The Enchanted Man Cave
June 17, 2009
Let me tell you a story.
Once upon a time, a boy and girl fell in love. They spent so much time at each other’s respective apartments, that their respective roommates were like, “OMG why don’t you just move in together?” And the two love birds were like, “OMG, you’re right!”
And so they did. They found a reasonably cute, reasonably sized, two-bedroom apartment close to the downtown area and combined the contents of their two households. But there was one small problem. The boy half of this couple had boxes and boxes of things, boxes which hadn’t been opened since he haphazardly packed them when he moved out of his parents’ house. There they stood, a fortress of sealed boxes, their exact contents unknown. Now, rather than go through these mystery boxes and sort out the treasure from the rubbish, the boy put the boxes into a moving van, where they were dropped off into the spare room the boy and girl had decided, as they mapped out their life together there, would be an office and exercise room.

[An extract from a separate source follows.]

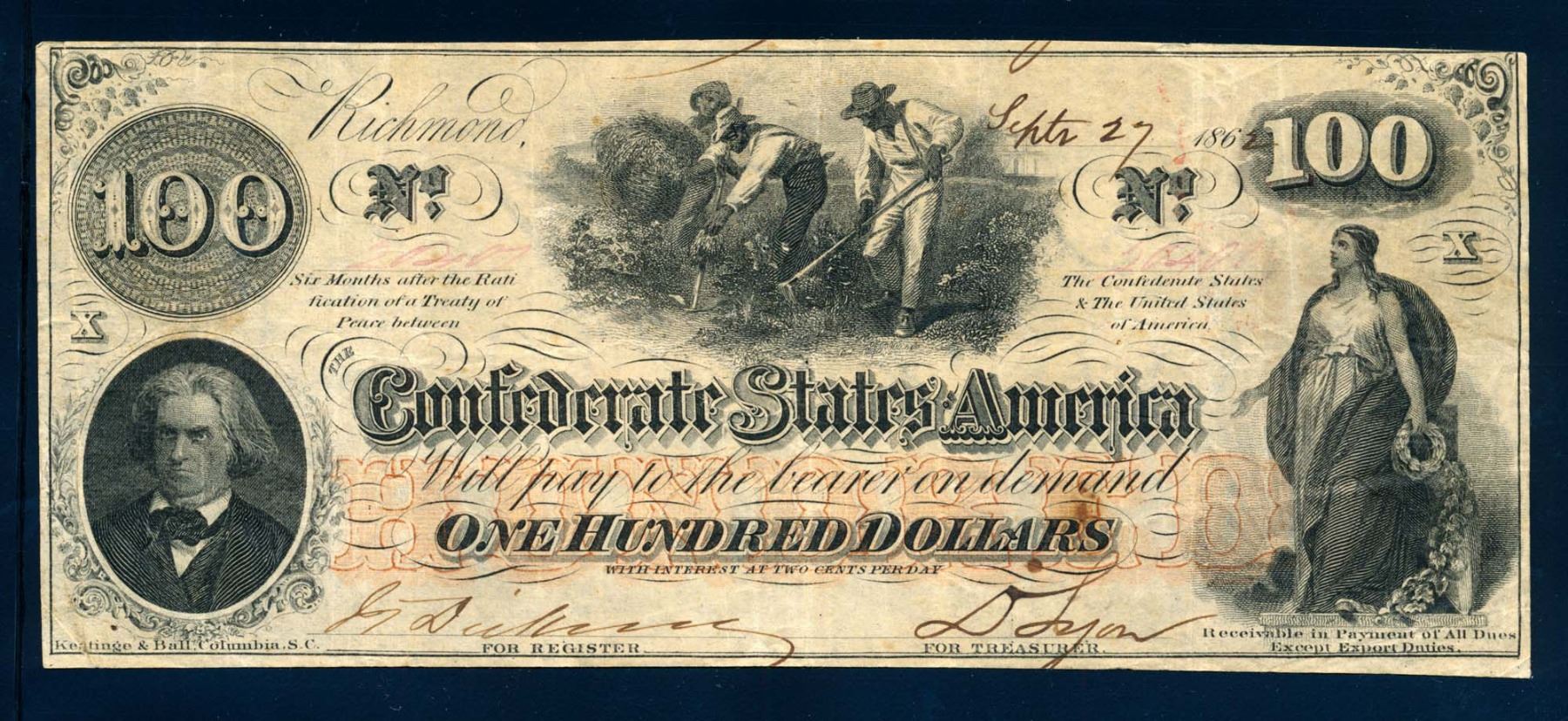 USA $100.00 1862 T-41 Confederate States of America Banknote Very Fine+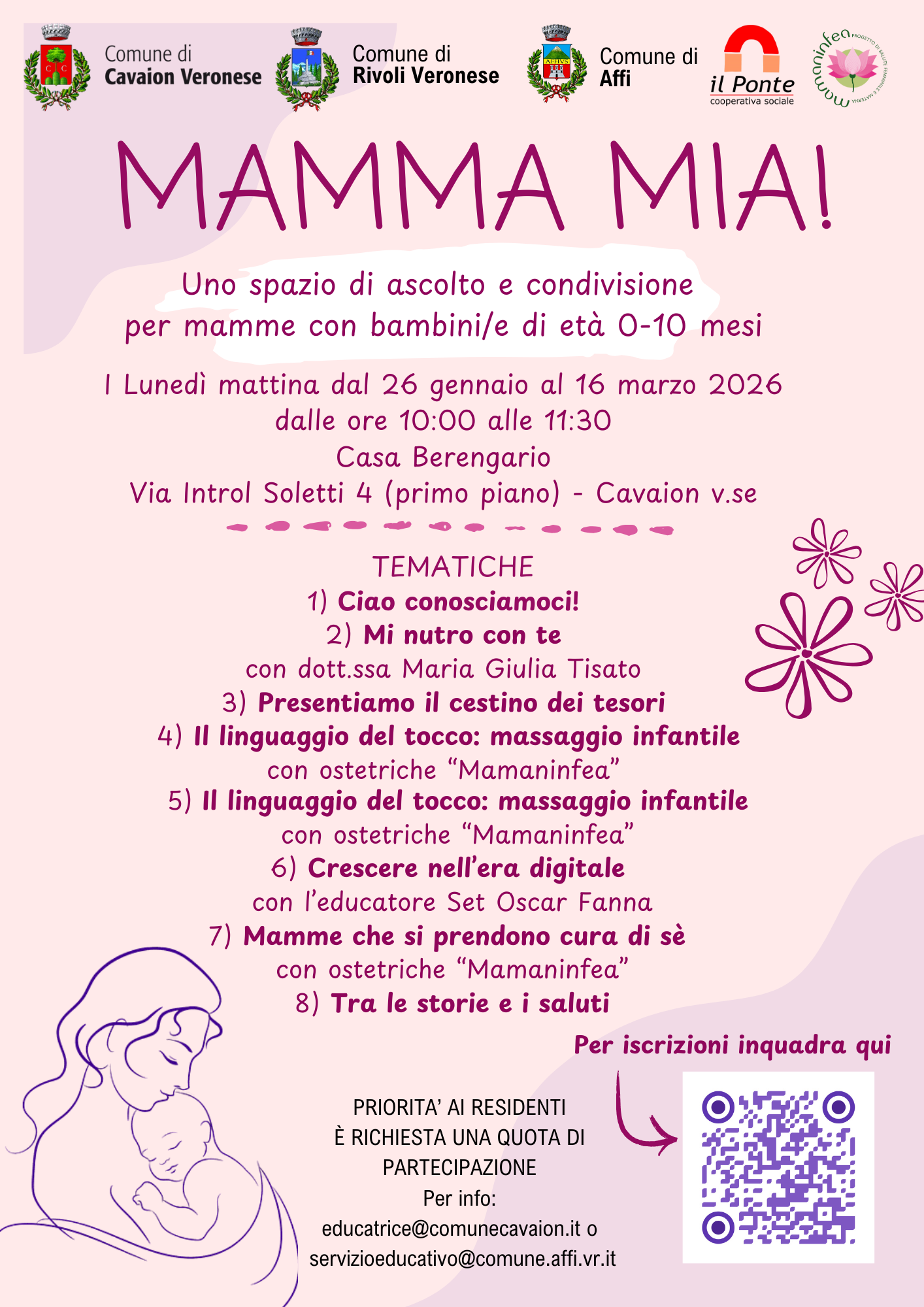 Uno spazio dedicato alle mamme e ai loro bambini/e da 0 a 10 mesi, per incontrarsi, ascoltarsi e condividere esperienze in un clima sereno e accogliente.

There they sat, the lonely boxes. They sat through a summer, a winter, a marriage proposal, a wedding, and two anniversaries of said wedding. In those three years, maybe a third of the boxes had been dealt with, if the girl was to be generous. However, the boy appeared to have placed an enchantment upon the boxes and the room, wherein he would unpack one box and sort its contents, yet the room would appear no less cluttered than before! While the imagined purposes of the room were technically achievable—there was indeed an elliptical trainer and a desk in there— the room was so cluttered with the boy’s belongings that it has really become the Enchanted Man Cave, where the boy would go to do boy things like play video games and (probably) look at porn on the internet (the girl does not pry much into the intimate affairs of the boy when he is in the Enchanted Man Cave).
All seemed lost, and the girl had become resigned to fate, her hopes of a spare room for their mutual enjoyment dashed, until one day, like a beacon, her fairy godsister came upon her and granted her a magical opportunity. “I am looking for a place to stay for the summer,” the fairy godsister declared, and she offered a handsome sum to the boy and girl in exchange for lodging in the Enchanted Man Cave.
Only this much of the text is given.